I am referring to the Process Function example mentioned in https://nightlies.apache.org/flink/flink-docs-release-1.16/docs/dev/datastream/operators/process_function/

/**
 * The data type stored in the state
 */
public class CountWithTimestamp {

    public String key;
    public long count;
    public long lastModified;
}

/**
 * The implementation of the ProcessFunction that maintains the count and timeouts
 */
public class CountWithTimeoutFunction 
        extends KeyedProcessFunction<Tuple, Tuple2<String, String>, Tuple2<String, Long>> {

    /** The state that is maintained by this process function */
    private ValueState<CountWithTimestamp> state;

    @Override
    public void open(Configuration parameters) throws Exception {
        state = getRuntimeContext().getState(new ValueStateDescriptor<>("myState", CountWithTimestamp.class));
    }

    @Override
    public void processElement(
            Tuple2<String, String> value, 
            Context ctx, 
            Collector<Tuple2<String, Long>> out) throws Exception {

        // retrieve the current count
        CountWithTimestamp current = state.value();
        if (current == null) {
            current = new CountWithTimestamp();
            current.key = value.f0;
        }

        // update the state's count
        current.count++;

        // set the state's timestamp to the record's assigned event time timestamp
        current.lastModified = ctx.timestamp();

        // write the state back
        state.update(current);

        // schedule the next timer 60 seconds from the current event time
        ctx.timerService().registerEventTimeTimer(current.lastModified + 60000);
    }

    @Override
    public void onTimer(
            long timestamp, 
            OnTimerContext ctx, 
            Collector<Tuple2<String, Long>> out) throws Exception {

        // get the state for the key that scheduled the timer
        CountWithTimestamp result = state.value();

        // check if this is an outdated timer or the latest timer
        if (timestamp == result.lastModified + 60000) {
            // emit the state on timeout
            out.collect(new Tuple2<String, Long>(result.key, result.count));
        }
    }
}

In this scenario my datastream is being produced by KafkaSource with no idleness behaviour configured

DataStream<Tuple2<Integer, Integer>> inputStream = env.fromSource(inputSource, WatermarkStrategy.forBoundedOutOfOrderness(Duration.ofSeconds(1)), "Input Kafka Source")
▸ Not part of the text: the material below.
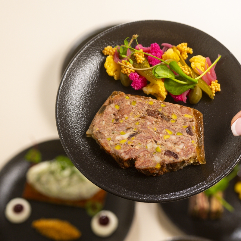 Plateau repas A Entrée : Terrine de lapin pistache et cranb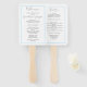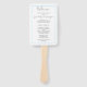 Programas de casamento de fãs minimalistas em uma vara. Conselho branco com modelos de texto de cinza em fontes modernas manuscritas para personalizar o seu evento. Uma vez que as cartas estejam anexadas à haste, o texto estará em ambos os lados. Uma linha azul aqua fina enquadra o texto para uma apresentação simples que corresponderá a qualquer tema.

Now consider a scenario where there is only 1 key that is being emitted by source, let's say key1 At time T1 when the first event comes, processElement is called and the CountWithTimestamp object is set accordingly ie count = 1 and lastModified = T1

Now there are no more events for lets say 70 secs(T2). Then another event comes in for the same key key1 Now here are my questions:

  1. When the second event comes, during my debugging, processElement always gets called first then onTimer. This is because watermark gets generated only after the event has been processed. Is my understanding correct?
  2. Since processElement is getting called first the lastModified is getting modified to T2 (earlier it was T1). This means that even if now timer triggers it won't process as lastModified got updated. And it won't process if the above mentioned scenario keeps repeating.

Thanks.


Solution

  • I believe you've got that right.

    1. Yes, watermarks follow the events that justify their creation.
    2. Yes, that example is flawed. It makes (unstated) assumptions about there being events for other keys.